A total of 23 High School students were admitted to State University. Of those students, 7 were offered athletic scholarships. The school’s guidance counselor looked at their composite ACT scores (given in the table below), wondering if State U might admit people with lower scores if they also were athletes
composite ACT test scores
non atheletes
25
22
19
25
24
25
24
23
21
27
29
26
30
27
26
23
atheletes
22
21
24
27
19
23
17
Test an appropriate hypothesis and state your conclusion. Use alpha = .05 for your test. Show the null and alternative hypothesis, the p-value, your conclusion to reject or not, and finally a summarizing statement regarding your conclusion.
Then create a 90% confidence interval and tell me what it means in terms of the problem
I DON'T WANT THE ANSWER JUST NEED CALCULATIONS AND SET UP
To test an appropriate hypothesis and state the conclusion, we can perform a two-sample t-test to compare the composite ACT test scores of non-athletes and athletes at State University.

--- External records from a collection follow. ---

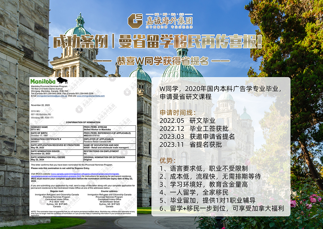 (加拿大)成功案例I曼省W同学留学移民再传喜报!
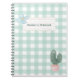 Fleur d'aquarelle et cactus dans un vase rose sur un arrière - plan plaid bleu clair et blanc
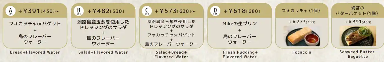 淡路島産玉ねぎのドレッシングで味わうサラダ、フォカッチャ、淡路島・北坂たまごの生プリン、フレーバーウォーターのドリンクバーなど、MIKE(ミケ)のパスタには、お好みのサイドメニューをセットするのがおすすめ。 |
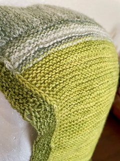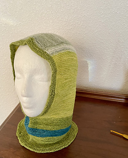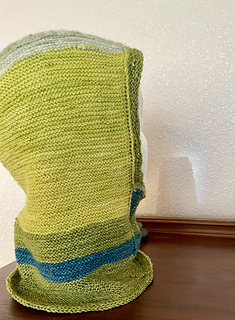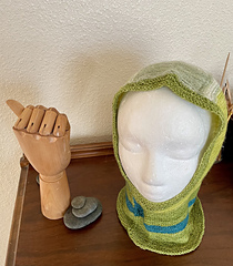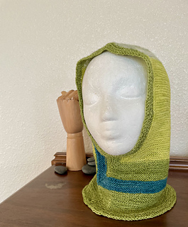 This is an easy project with interesting shaping! It’s knit in light yarn at a warm, dense gauge, has nice finishing details including a border knit around the face opening and exposed seams and faux-seams, and looks great in scrap yarns—scraps or striping yarns will show off the unique construction better than a solid color.
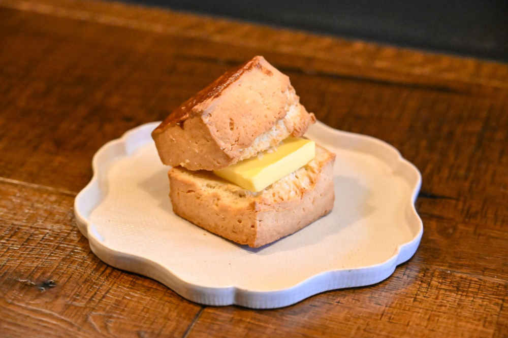 それぞれのお料理と一緒に、スコーンもいただきます。甘さ控えめでサクサクとした食感が特徴的で、意外にも食事に合わせるのにぴったり。
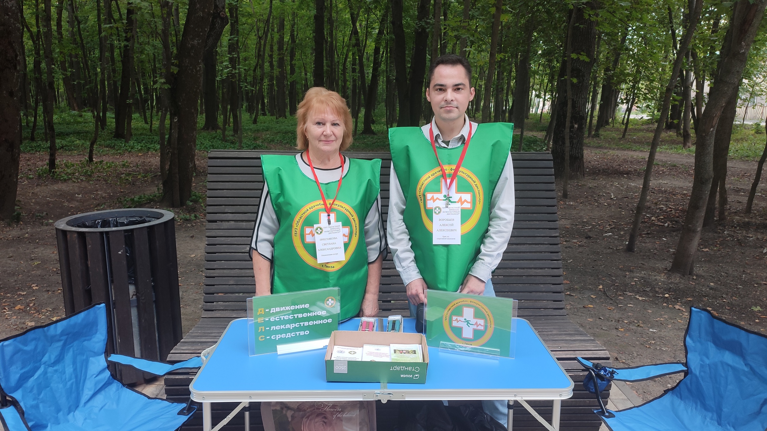22 августа, на территории Парка "Союз" (Веревочный парк) по адресу: г. Пенза, ул. Попова 30/2, в рамках профилактической акции, врач по спортивной медицине Воробьев Алексей Алексеевич, медицинская сестра врача по спортивной медицине Преснякова Светлана Александровна провели мастер-класс физических упражнений:
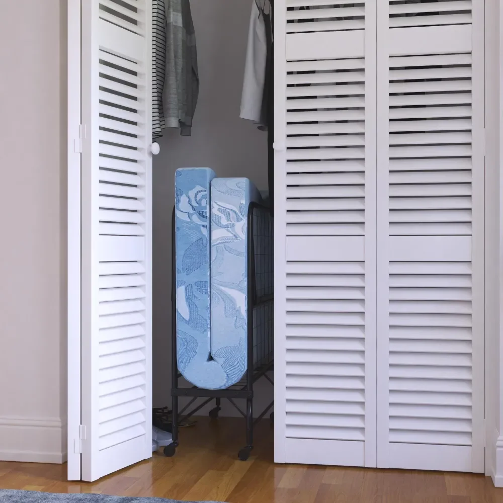 Foldaway sturdy twin size metal frame neatly folds up and tucks away in closets when not in use. Metal mesh base for added comfort and durability. Convenient space-saving design fits in almost any room size.
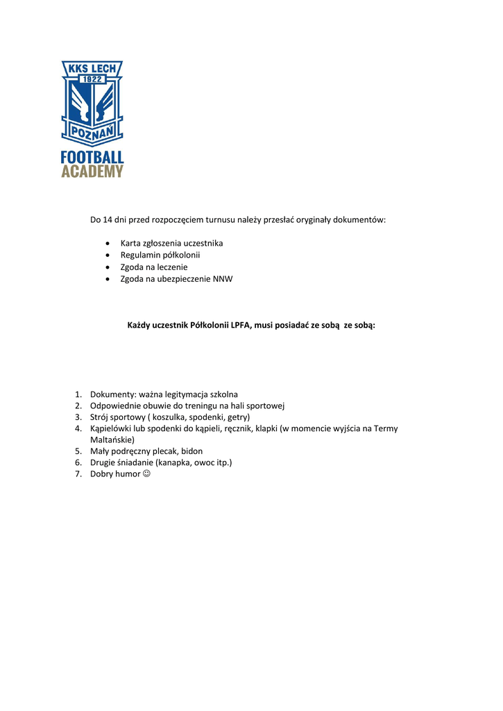 Do 14 dni przed rozpoczęciem turnusu należy przesład oryginały dokumentów: Karta zgłoszenia uczestnika Regulamin półkolonii Zgoda na leczenie Zgoda na ubezpieczenie NNW Każdy uczestnik Półkolonii LPFA, musi posiadad ze sobą ze sobą: 1. 2. 3. 4. Dokumenty: ważna legitymacja szkolna Odpowiednie obuwie do treningu na hali sportowej Strój sportowy ( koszulka, spodenki, getry) Kąpielówki lub spodenki do kąpieli, ręcznik, klapki (w momencie wyjścia na Termy Maltaoskie) 5. Mały podręczny plecak, bidon 6. Drugie śniadanie (kanapka, owoc itp.) 7. Dobry humor
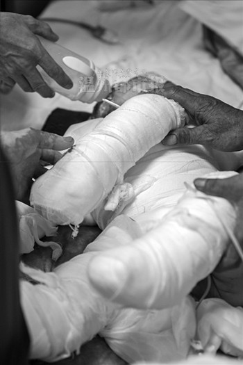 记者昨天上午第一眼看到他时,心瞬间就揪紧了:他的身上插了好几条管子,四肢和躯干被白色的纱布裹得严严实实,头上也用绷带缠着,小嘴黑红。
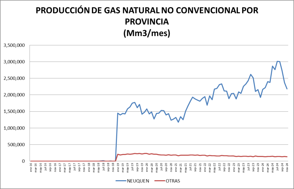 PRODUCCIÓN NO CONVENCIONAL DE GAS NATURAL POR PROVINCIA (Mm3/mes)
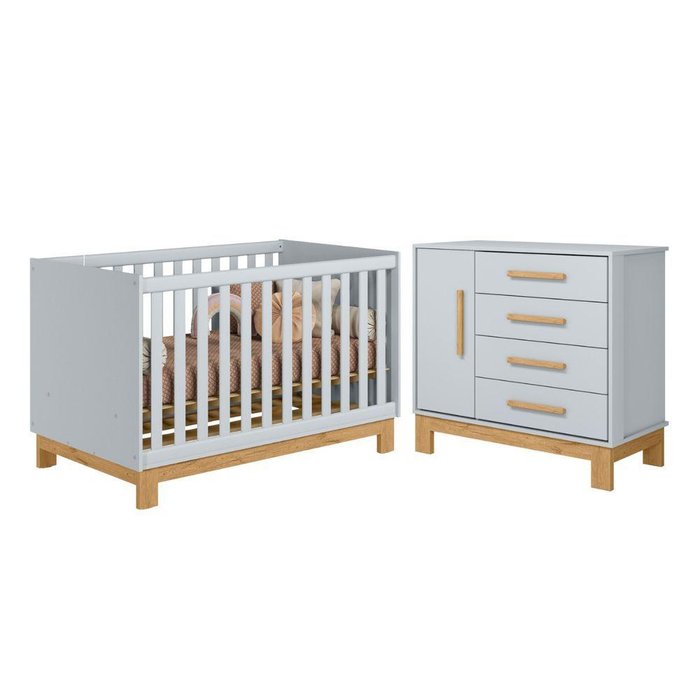 Berço E Cômoda Com 4 Gavetas Nauru Cinza Acetinado

Null hypothesis (H0): There is no significant difference in the composite ACT test scores between non-athletes and athletes at State University.
Alternative hypothesis (Ha): There is a significant difference in the composite ACT test scores between non-athletes and athletes at State University.

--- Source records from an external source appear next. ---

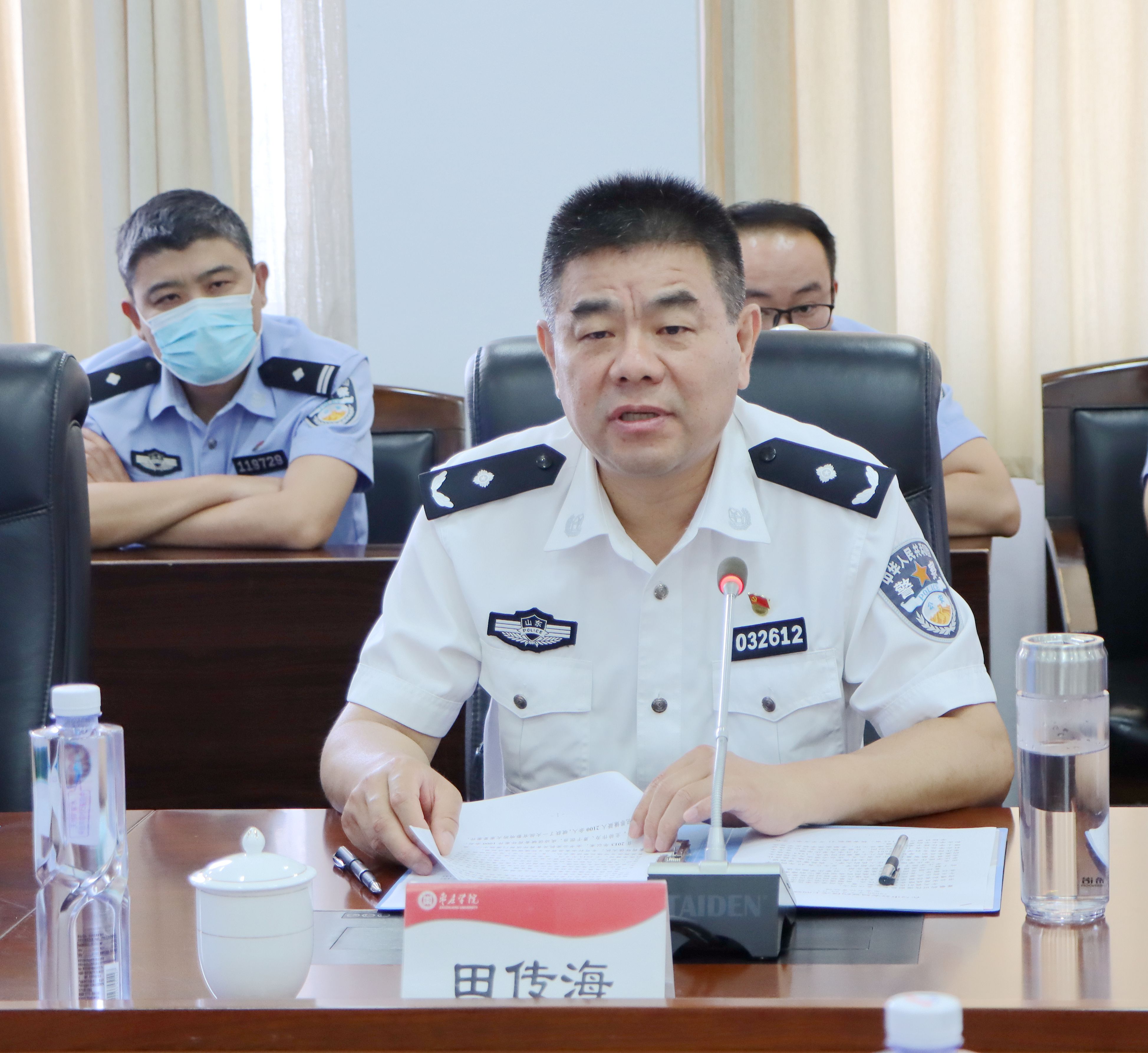 7月24日上午,枣庄市公安局与LETOU国际米兰官网合作备忘录签约仪式暨第一期校警联合培训活动在LETOU官网综合楼三楼会议室举行,校党委书记曹胜强、副校长明清河,枣庄市公安局党委委员、副局长田传海出席活动,LETOU官网教务处、保卫处负责人,食品科学与制药工程学院院长、副院长及部分专任教师,食药环侦支队、森警支队支队长及支队全体同志,各分(市)局食药环侦大队负责同志,食药环侦及森警大队业务骨干参加活动。会议由食药环侦支队支队长张继军主持。
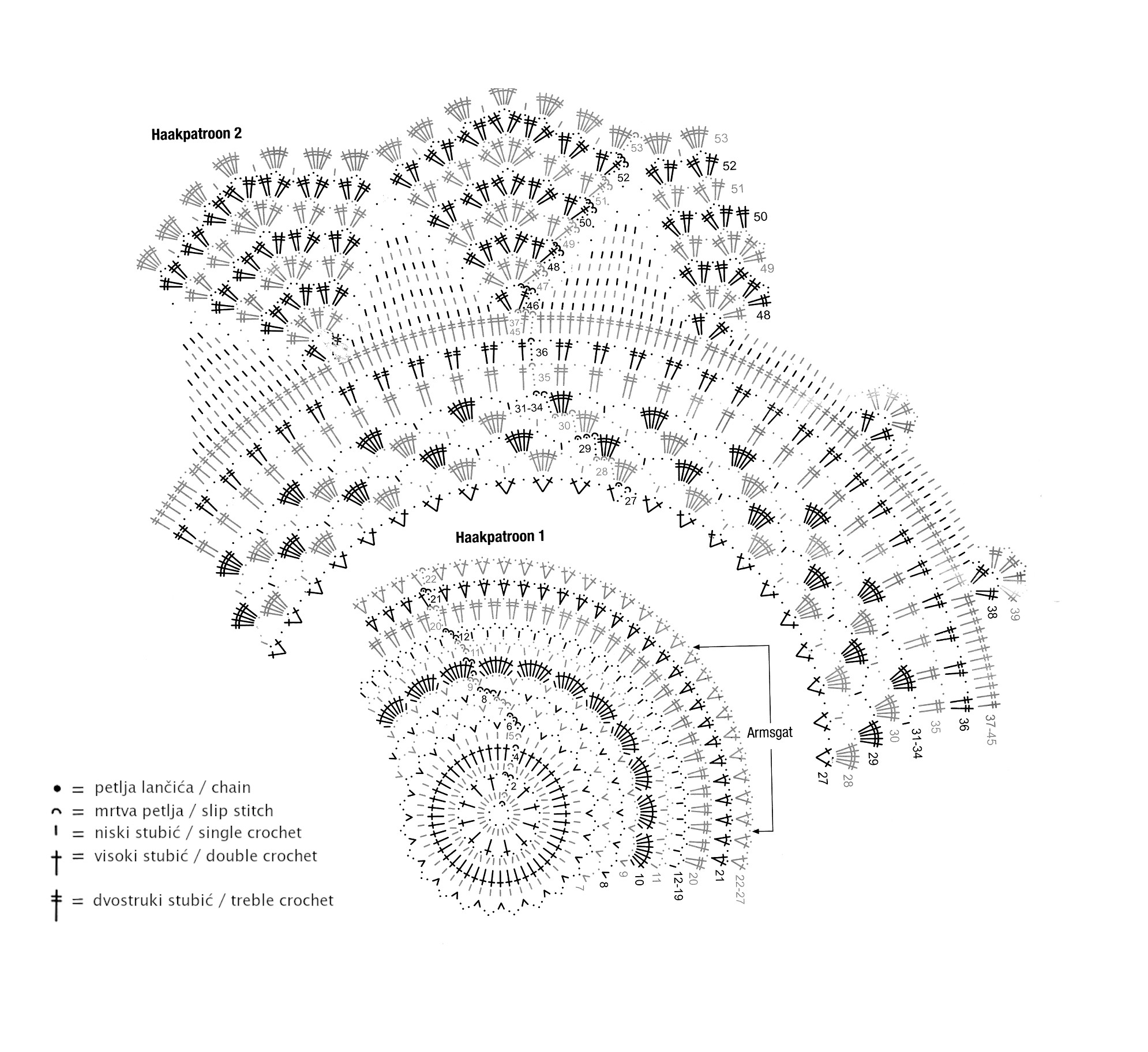 Na šemi otvori za ruke označeni su strelicama i rečju Armsgat u redovima označenim 22-27. U 26. redu na mestima koje pokazuju strelice treba uraditi po 1 niski stubić, a između strelica po 35 petlji lančića za svaki otvor. U narednom redu nastavite onako kako pokazuje šema nad svim petljama kao i nad lančićima od 35 petlji.
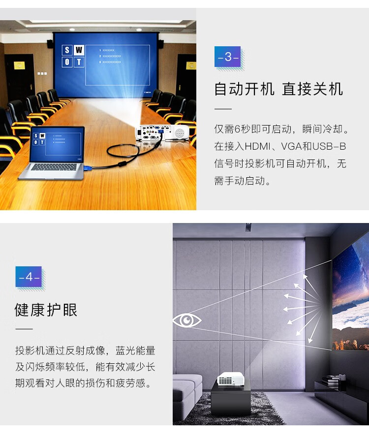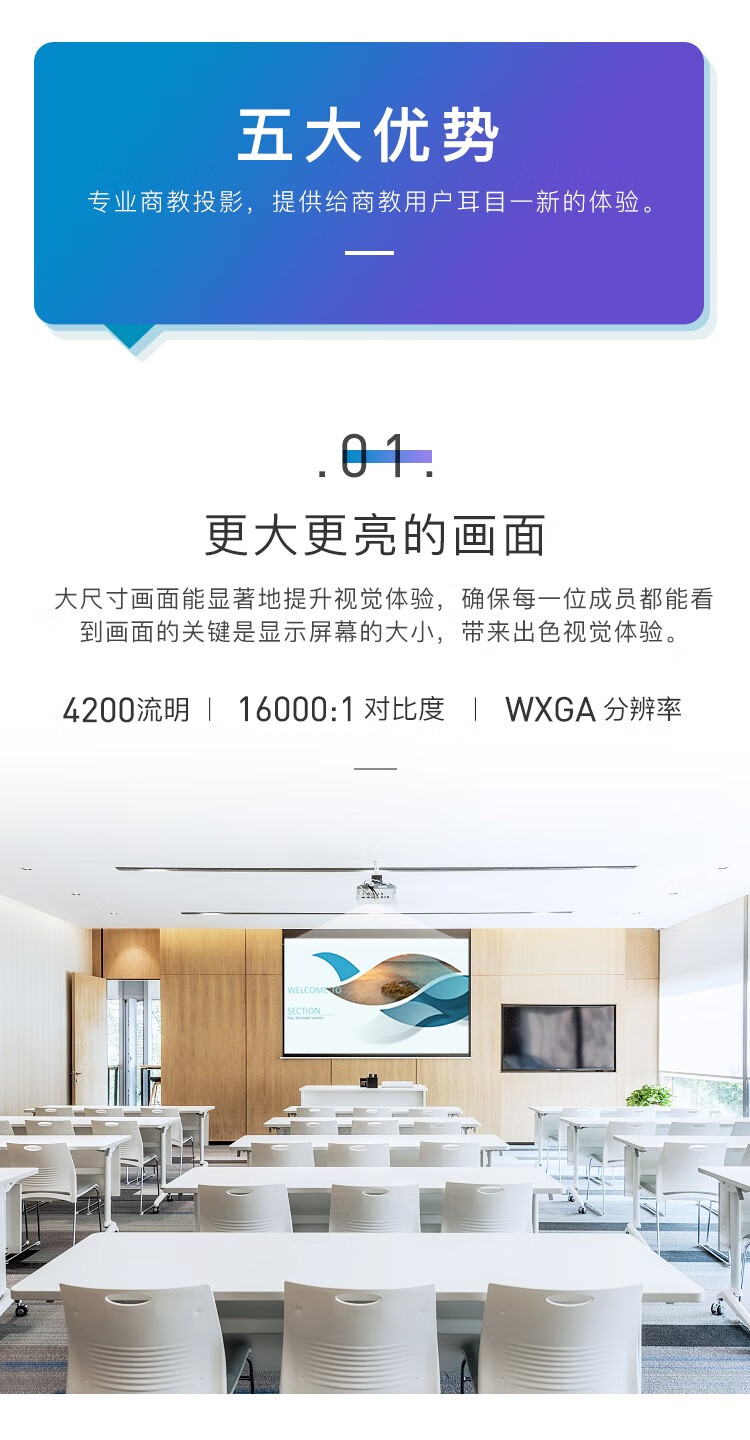 4200流明 | 标清 | 双HDMI接口 | 支持侧面投影 | 16000:1对比度

To conduct this test, we need to calculate the t-statistic and the associated p-value. The t-statistic can be calculated using the following formula:
t = (mean1 - mean2) / sqrt((s1^2 / n1) + (s2^2 / n2))
Where:
mean1 and mean2 are the sample means of the non-athletes and athletes, respectively.
s1 and s2 are the sample standard deviations of the non-athletes and athletes, respectively.
n1 and n2 are the sample sizes of the non-athletes and athletes, respectively.
The p-value can then be determined from the t-statistic and the degrees of freedom.
To calculate the 90% confidence interval, we can use the following formula:
CI = (mean1 - mean2) ± (t * SE)
Where:
mean1 and mean2 are the sample means of the non-athletes and athletes, respectively.
t is the critical t-value for a 90% confidence level and the given degrees of freedom.
SE is the standard error of the difference, calculated as sqrt((s1^2 / n1) + (s2^2 / n2)).
The confidence interval will provide us with a range within which we can be 90% confident that the true difference in means lies.
Once we have the p-value and confidence interval, we can make conclusions based on the results. If the p-value is less than the chosen significance level (alpha = 0.05), we can reject the null hypothesis and conclude that there is a significant difference in the composite ACT test scores between non-athletes and athletes at State University. If the p-value is greater than the significance level, we fail to reject the null hypothesis and conclude that there is no significant difference.
The confidence interval will provide a range of plausible values for the difference in means. If the interval does not include zero, it suggests that there is a significant difference between the two groups. If the interval includes zero, it suggests that the difference could be due to random variation, and there is no significant difference.